4. I agree. It should be obvious to anybody that the police officers who sent up this case were alive to the realities of it. In my opinion, it is deplorable that the learned Magistrate did not put a stop to the transparent manoeuvre made by the gentleman in charge of the actual prosecution with the object of evading the provisions of the law with regard to a joint trial. It should have struck him as strange that when it was never suggested that anybody but the appellant was responsible for these offences, he should possibly have been charged with conspiracy. If he thought that the officers in charge of the prosecution before him had received subsequent information which would justify him in making an entirely new case, he should have, at any rate, insisted upon their producing evidence in support of it. He says not a word in his judgment to show in what way the appellant conspired with Kalimuddin, Banerjea and other unknown persons. The simple explanation of this is that there was no evidence that he conspired with any of them. The witnesses who referred to Kalimuddin are P. W. 24, P. W. 25, P. W. 26 and P. W. 30. There is nothing in any of their depositions to suggest that he had anything to do with the swindling of the appellant. The case with regard to Banerjea is even more ridiculous. This is to be found in the deposition of P. W. 14. All the evidence amounts to, if true, is this: that the witness had been caught by an advertisement issued by Banerjea and that the appellant successfully took him away from Banerjea and persuaded him to make the money over to him. It should have been transparent to the learned Magistrate that there is nothing here to support the imaginary charge of conspiracy.
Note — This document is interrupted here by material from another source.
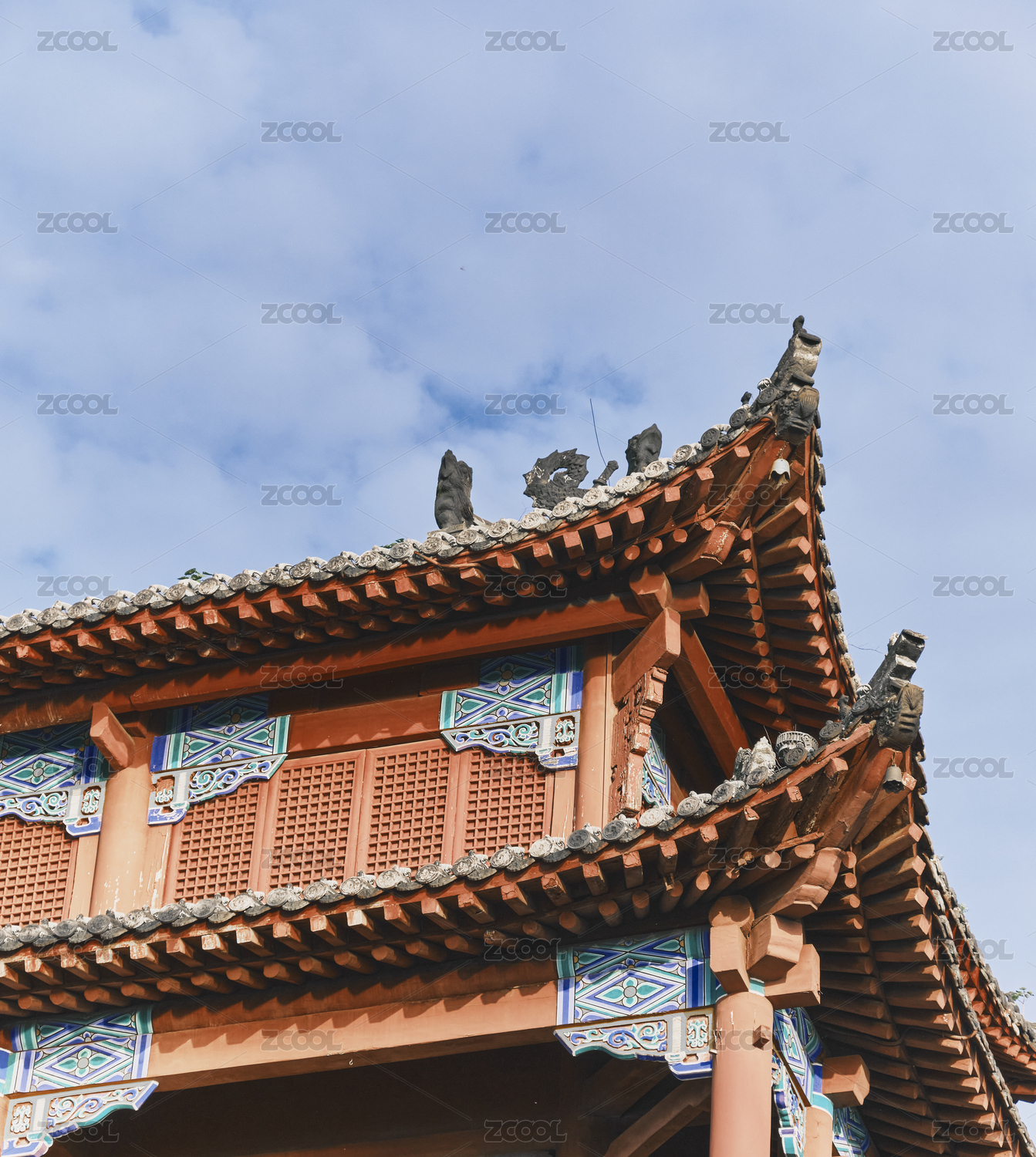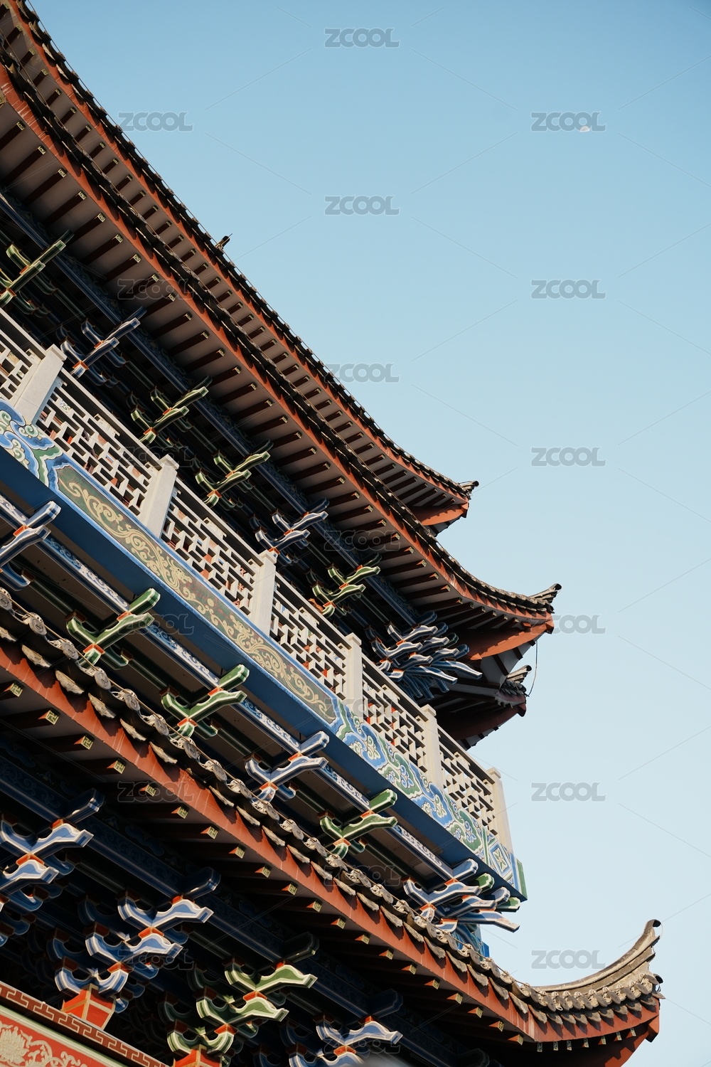 武汉宝通寺仿古建筑仰拍飞檐翘角

5. One unfortunate result was that the learned Magistrate's mind was entirely diverted from his real duty which was to decide whether certain specific charges had been established. He was so busy with this imaginary conspiracy that he does not say a single word in his judgment which would enlighten us as to the way in which he thinks that the specific charges were established. I entirely agree with my learned brother as to what the result of the manoeuvre is. But the whole trial has been rendered abortive and the only course open to us, however harassing it may be to both parties and the witnesses, is to order a re-trial and we sincerely trust that we shall not have any other cases of this sort.